[Given entries Boundary: Start]

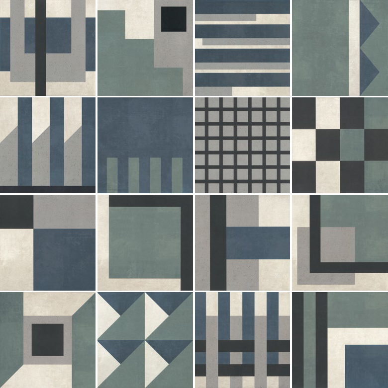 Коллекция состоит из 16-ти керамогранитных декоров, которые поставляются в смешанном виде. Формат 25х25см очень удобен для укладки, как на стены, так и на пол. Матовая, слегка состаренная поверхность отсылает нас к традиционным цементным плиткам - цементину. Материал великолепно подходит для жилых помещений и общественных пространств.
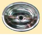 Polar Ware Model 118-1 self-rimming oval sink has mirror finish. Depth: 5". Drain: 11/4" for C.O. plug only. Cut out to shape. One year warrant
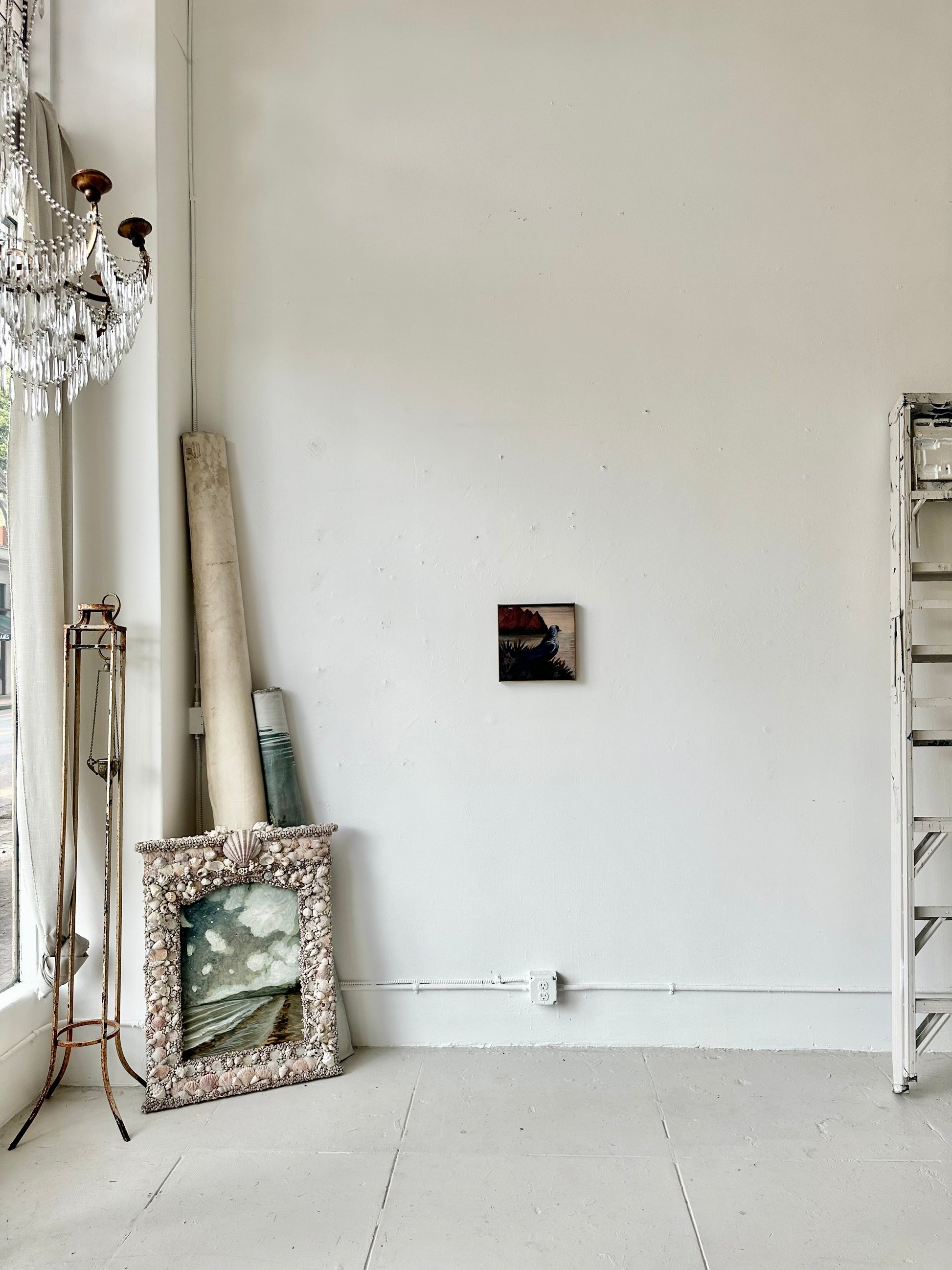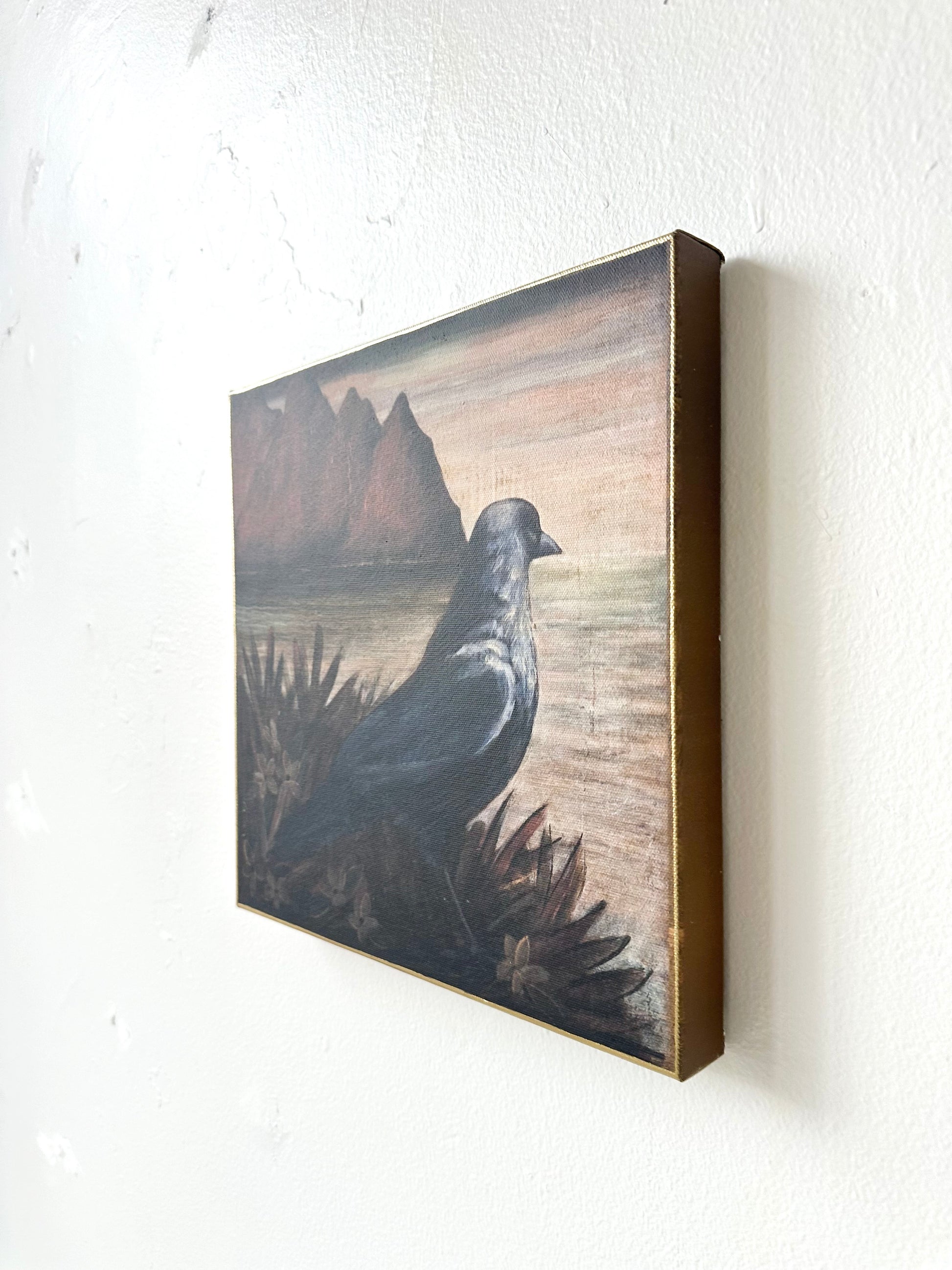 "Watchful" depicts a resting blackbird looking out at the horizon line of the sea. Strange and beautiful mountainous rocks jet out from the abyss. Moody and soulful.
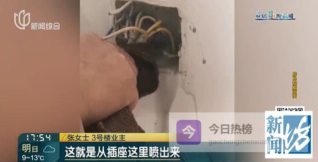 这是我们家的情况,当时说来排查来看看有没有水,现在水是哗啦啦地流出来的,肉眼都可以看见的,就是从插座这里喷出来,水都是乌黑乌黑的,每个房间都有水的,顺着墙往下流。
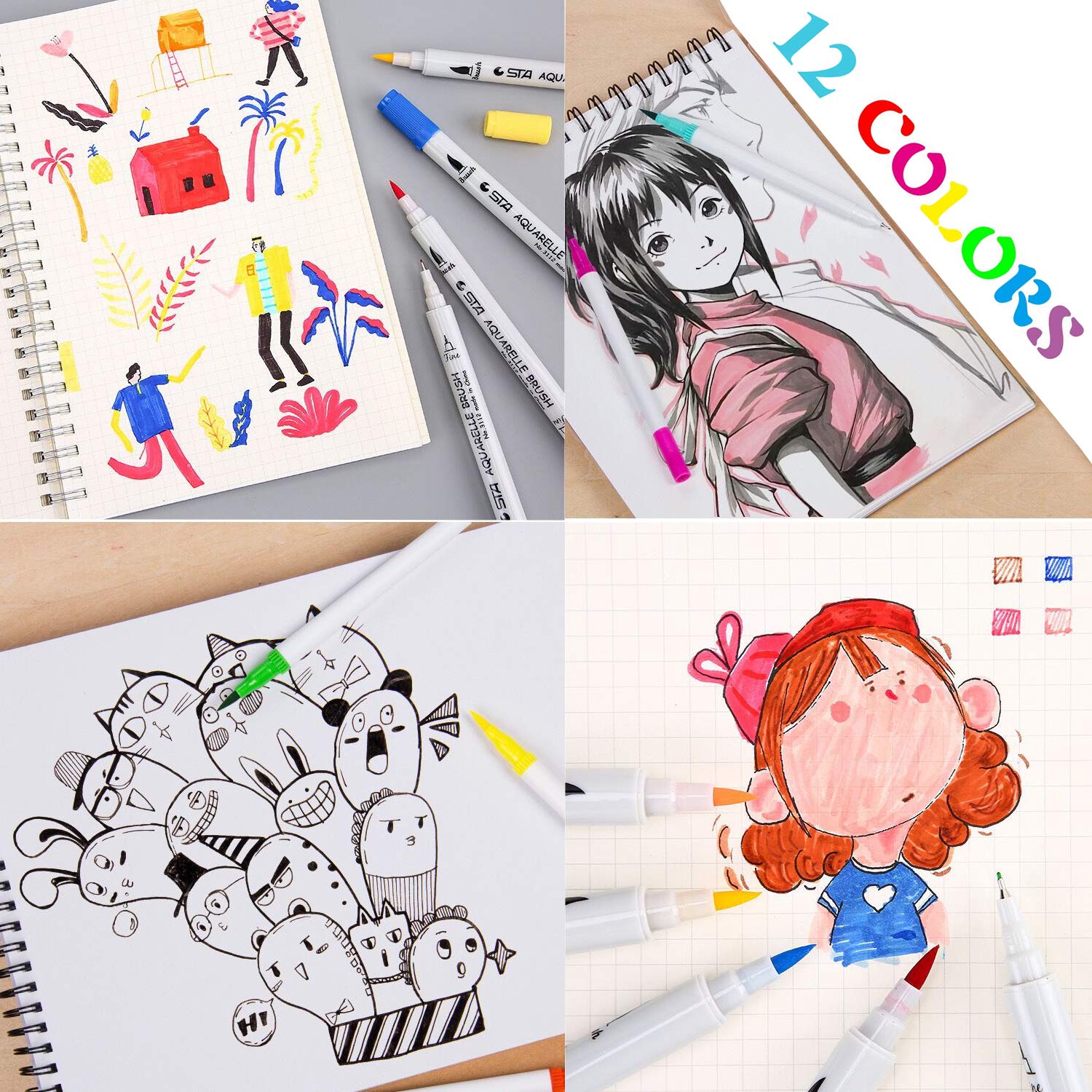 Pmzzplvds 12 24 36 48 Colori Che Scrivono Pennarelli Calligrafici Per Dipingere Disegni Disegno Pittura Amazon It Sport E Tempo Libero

[Given entries Boundary: End]

* Directions for this task: Output each line of the records exactly. Any picture is skipped.

* Task solution:
 Коллекция состоит из 16-ти керамогранитных декоров, которые поставляются в смешанном виде. Формат 25х25см очень удобен для укладки, как на стены, так и на пол. Матовая, слегка состаренная поверхность отсылает нас к традиционным цементным плиткам - цементину. Материал великолепно подходит для жилых помещений и общественных пространств.
 Polar Ware Model 118-1 self-rimming oval sink has mirror finish. Depth: 5". Drain: 11/4" for C.O. plug only. Cut out to shape. One year warrant
 "Watchful" depicts a resting blackbird looking out at the horizon line of the sea. Strange and beautiful mountainous rocks jet out from the abyss. Moody and soulful.
 这是我们家的情况,当时说来排查来看看有没有水,现在水是哗啦啦地流出来的,肉眼都可以看见的,就是从插座这里喷出来,水都是乌黑乌黑的,每个房间都有水的,顺着墙往下流。
 Pmzzplvds 12 24 36 48 Colori Che Scrivono Pennarelli Calligrafici Per Dipingere Disegni Disegno Pittura Amazon It Sport E Tempo Libero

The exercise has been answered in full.